Let’s be real — running a Spring Boot backend at scale isn’t cheap. And I wasn’t ready to keep burning resources just for the sake of familiarity. I needed efficiency without the cost, performance without complexity, and a codebase that doesn’t feel like a jungle. That’s where NestJS stepped in — and surprisingly, it held up really well.
I’ve been working on an LMS (Learning Management System) platform for over a year now — my very first project since I started learning how to build websites and full-stack infrastructure. The frontend changed more times than a chameleon changes its colors 🦎 — seriously. In the early days, I was mostly handling frontend, but eventually, things shifted, and I had to take care of everything — frontend, backend, infra — solo.
I started from not even knowing Java Spring Boot to somehow pulling off a working backend. But soon enough, reality hit: Spring Boot wasn’t cheap — it was eating up 27–29% CPU on an EC2 t2.micro instance, even when there was zero traffic. I knew Node.js better and trusted its efficiency, so I began migrating small services to Node — guess what? CPU dropped to just 6–7%, and I could run 4–5 apps simultaneously with 40–50 concurrent users each, using RDS as the database.

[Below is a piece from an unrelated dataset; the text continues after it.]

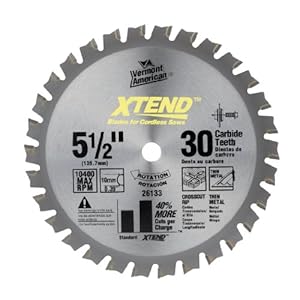 Vermont American 26133 XTEND Cordless Series Carbide Tipped Circular Saw BladesXTEND " Cordless series circular saw blades are specially designed for optimal performance in portable cordless saws. Blades feature scalpel-sharp teeth and a mirco kerf edge to cut with less drag and resistance than standard circular saw blades, yielding up to 40 percent more cuts per battery charge.Vermont American 26133 XTEND Cordless Series Carbide Tipped Circular Saw Blades Features:; Blade design also enhances performance of corded portable saws; Fit most brands of cordless saws; Size: 5-1/2"; Arbor:10 mm; Kerf: 1.6 mm / .063"; Hook Angle: 5 °; Application: .040"; Tool Type: FTG; Tooth Design: ,Non-ferrous metal; Plate Thickness: Portable / cordless; Max. RPM: 10400; Quantity:2:21

But as requirements grew, editing Java Repositories and Entities constantly, verifying data consistency, and testing it all over again became a nightmare. It honestly felt like I was stuck in a backend hellfire 🔥. Especially when I realized that making schema changes in production without a proper migration system could cause unrecoverable data loss — that’s when I knew something had to change.
Another big shift came when the organization behind this LMS dropped a massive requirement — a completely new app with a scanner-based attendance system and advanced access control mechanisms. That’s when things scaled from “just migration” to “full-blown infra redesign.”
It was clear — I had to rethink the entire backend architecture. That’s when I started diving deep into open-source codebases like cal.com and realized what clean architecture actually looks like. Around the same time, a golden suggestion from Mr. Saurabh Khatri changed my whole vision:
“Drive the entire software through configurations.”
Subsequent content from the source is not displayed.